Shortly afterward, when Beth was put into a medically induced coma, Lyssa took down the bikini pictures and posted instead a photo of her and Beth that showed kinship and love.
View this post on Instagram
And only days later after Beth’s memorial service, Lyssa was truly shaken, writing on Instagram, “wake me from this awful dream!”
It was one of several pro-Beth gestures Lyssa made since Beth’s coma and subsequent death — she posted several loving pictures of her and Beth in recent days. And with Sunday night’s posting, she was making clear that old feuds have been set aside, and that what Lyssa will remember forever is the love and companionship she found in the Chapman clan.
Lyssa, known as Baby Lyssa, is Beth's stepdaughter and the ninth of Duane's 12 children (Lyssa's mother is Duane's third wife, Lyssa Rae Brittain). The granddaughter at the center of Lyssa's dispute with Beth is Lyssa's first daughter Abbie, who was born when Lyssa was only 15. The 24 year old father was arrested for statutory rape. Lyssa would later go on to marry and divorce a different man. She is now engaged to a woman with whom she operates a tanning salon in Hawaii.
Beth had been going through her cancer journey for a long time. She was first diagnosed with throat cancer in September of 2017, but she had surgery at the time and was declared cancer free. She was again diagnosed at the end of 2018, this time with Stage 4 lung cancer. Even though Beth was really open about the struggles of battling cancer in the public eye, she was not totally clear about how she is being treated.

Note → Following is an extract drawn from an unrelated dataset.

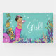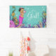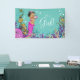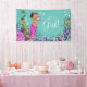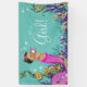 Mermaid baby shower banner with adorable pink African American mermaid on a pretty undersea background with gold seahorse and fish, coral, sea plants and bubbles on a choose your own colour background. This beautiful ethnic mermaid baby baby shower banner is easily customised for your event by simply adding the text of your choice.

On Mother's Day, in Beth's final public speaking appearance, Beth told congregants at the Source Church in Bradenton, Florida, that she is not undergoing chemotherapy and that she's really putting her faith in God as she battles the disease. "This is the ultimate test of faith," Beth said during the event. "It is the evidence of things hoped for, and it is the substance of things not known. And although chemotherapy is not my bag, people, sorry, that's not for me. So for me, this is the ultimate test of faith."

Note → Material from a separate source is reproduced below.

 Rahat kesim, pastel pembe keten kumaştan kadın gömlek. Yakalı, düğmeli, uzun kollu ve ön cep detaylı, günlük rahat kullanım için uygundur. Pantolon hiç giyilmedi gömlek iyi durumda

For a long time, chemotherapy was considered the standard of care for people with stage 4 lung cancer but times have changed over the past decade or so. Precision medicine, or matching treatment to the biology and characteristics of a specific tumor, has made major headway when it comes to treating advanced lung cancer. Targeted therapy seeks out very specific cancer cells and leaves the healthy cells alone. Chemotherapy tends to cause a lot of collateral damage because it kills all fast-growing cells both healthy and cancerous.